На следующий день, когда он вернулся на террасу, окно было чуть-чуть приоткрыто, и он с восторгом разглядел плечо леди, которая терпеливо шила, не замечая его присутствия. Еще через день, не успел он появиться на террасе, как окно открылось, и сеньорита мелкими шажками вышла на солнце в утреннем дезабилье, ловко сидящем, изящном и скромном, но вместе с тем почему-то показавшемся ему иноземным, тропическим и необычным. В одной руке она несла сверток.
– Не хотите ли попробовать табака, что любил моей отец, – спросила она, – кубинского, с плантаций моей дорогой родины? Там, как вы, вероятно, знаете, курят все – и мужчины, и женщины. Поэтому не бойтесь меня побеспокоить. Его аромат напомнит мне о доме. Мой дом, сеньор, стоял у моря.
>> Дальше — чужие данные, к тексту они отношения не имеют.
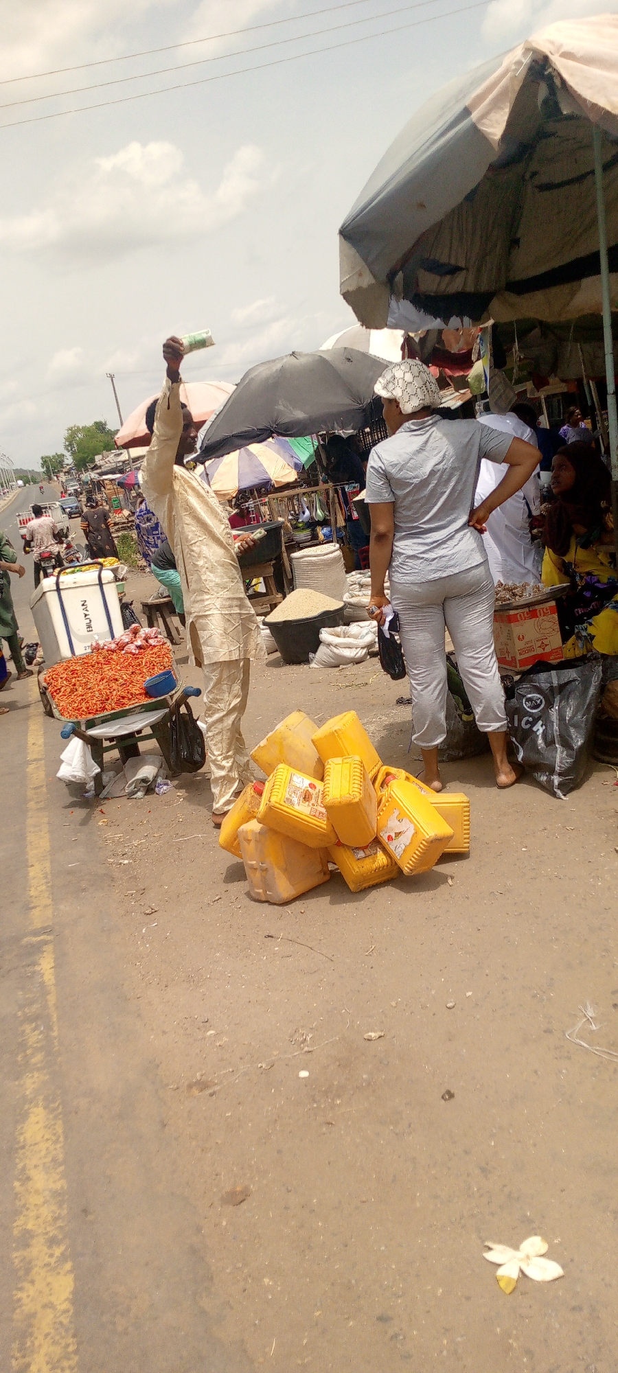 The image depicts a scene in Zango-ndaji, Nigeria, showing a roadside market
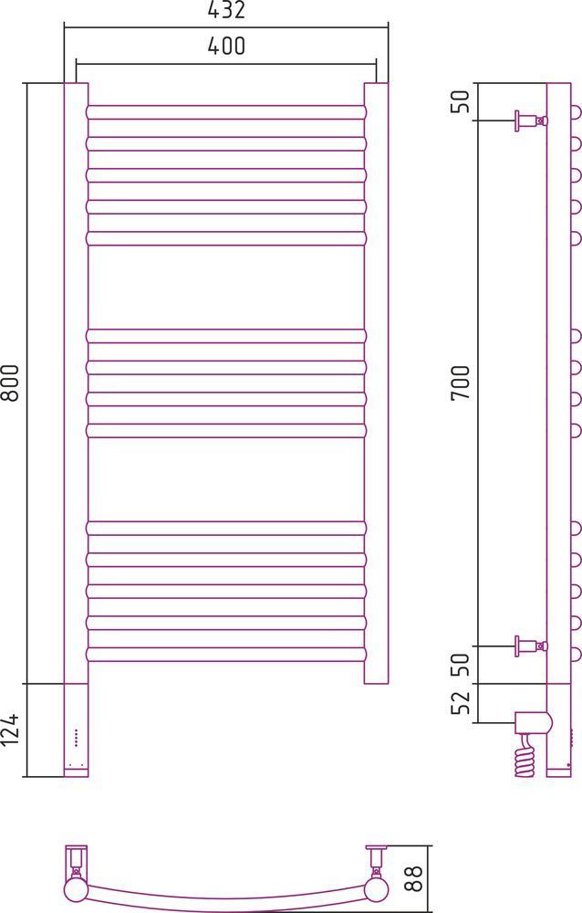 Электрический полотенцесушитель Сунержа Богема 3.0 800х400 мм, 14 перекладин(5-4-5). Мощность 300 Вт, цвет состаренная бронза. Интегрированное в корпус скрытое подключение.
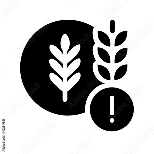 wheat, circle, exclamation, glyphs, flat, vector, icon, agriculture, grain, symbol, design, food, nature, illustration
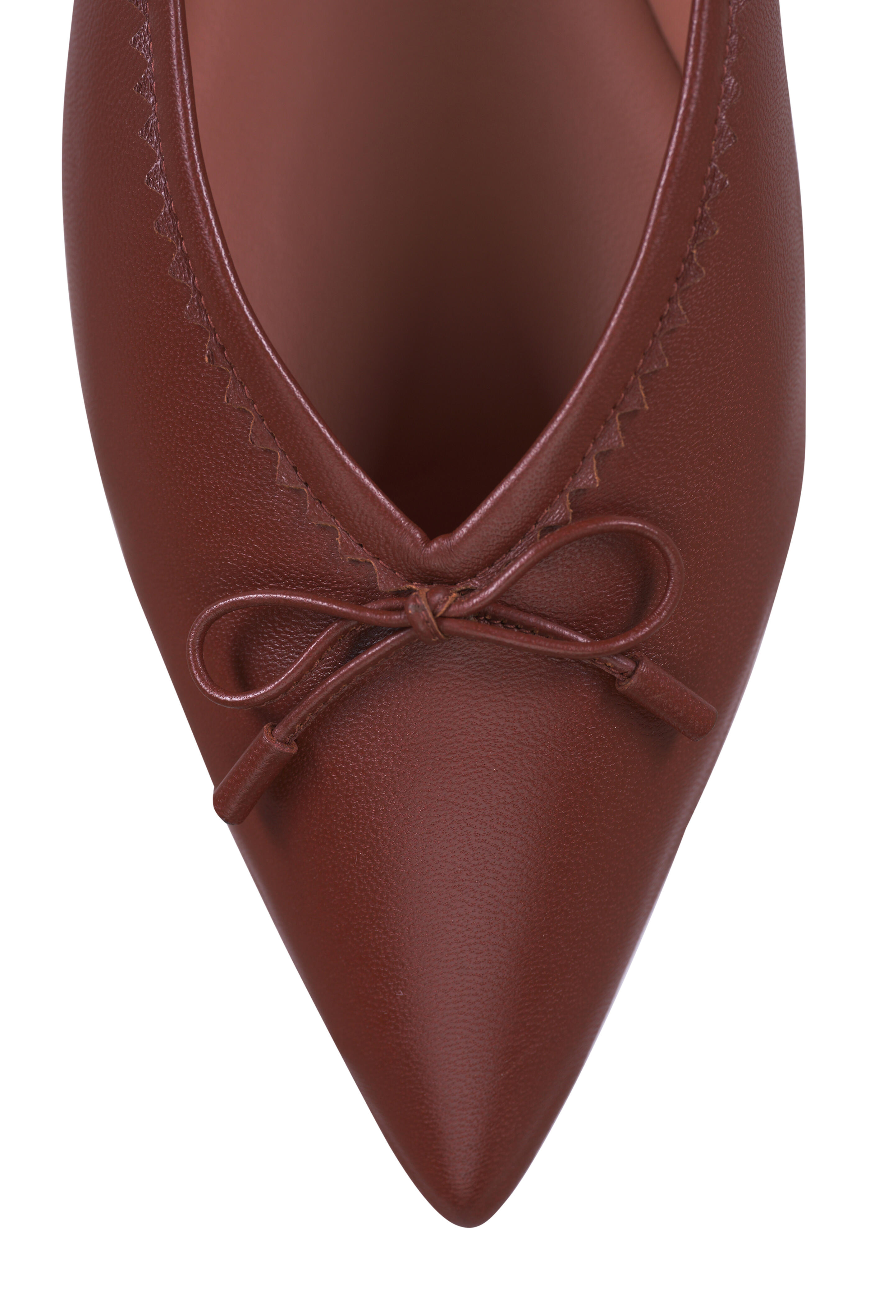 Leather upper. Pointed toe. Bow embellished on toe vamp. Slip-on style. Leather lining and sole. Leather sole. Made in Italy.

Когда она произнесла эти слова, Десборо впервые в жизни ощутил всю поэтичность водной стихии.
– И во сне, и наяву я грежу о моем дорогом доме, о моей дорогой Кубе!
– Но когда-нибудь, – проговорил Десборо, и сердце у него внезапно болезненно сжалось, – когда-нибудь вы вернетесь!
– Никогда! – вскричала она. – Никогда, ни за что, клянусь Богом!
– Выходит, вы навсегда поселились в Англии? – осведомился он с каким-то странным облегчением.
– Если бы я могла ответить на ваш вопрос! Но увы, я и сама пока не знаю, – печально промолвила она, а потом, прежним веселым тоном, добавила: – Но вы не попробовали мой кубинский табак.
– Сеньорита, – произнес он, смущенный нотками кокетства, которые различил в ее голосе, – что бы я ни… Как бы я ни… Я хочу сказать, – заключил он, покраснев от неловкости, – что нисколько не сомневаюсь: ваш табак превосходен.
– Ах, сеньор, – проговорила она со всей серьезностью, почти мрачно, – вы показались мне столь бесхитростным и добродушным, и вот вы уже пытаетесь делать мне комплименты, а кроме того, – добавила она, быстро вскинув на него глаза и тут же повеселев и улыбнувшись, – комплименты вы делаете столь неумело! Мне часто говорили, что английские джентльмены могут быть верными друзьями, честными, способными на самое глубокое уважение, интересными собеседниками, если потребуется, утешителями или защитниками, но никогда не перейдут границы дозволенного. Не старайтесь угодить мне, подражая ухаживаниям моих соотечественников. Будьте собой: тем самым честным, отзывчивым, искренним английским джентльменом, о котором я столько слышала с детства и которого с тех пор мечтала увидеть.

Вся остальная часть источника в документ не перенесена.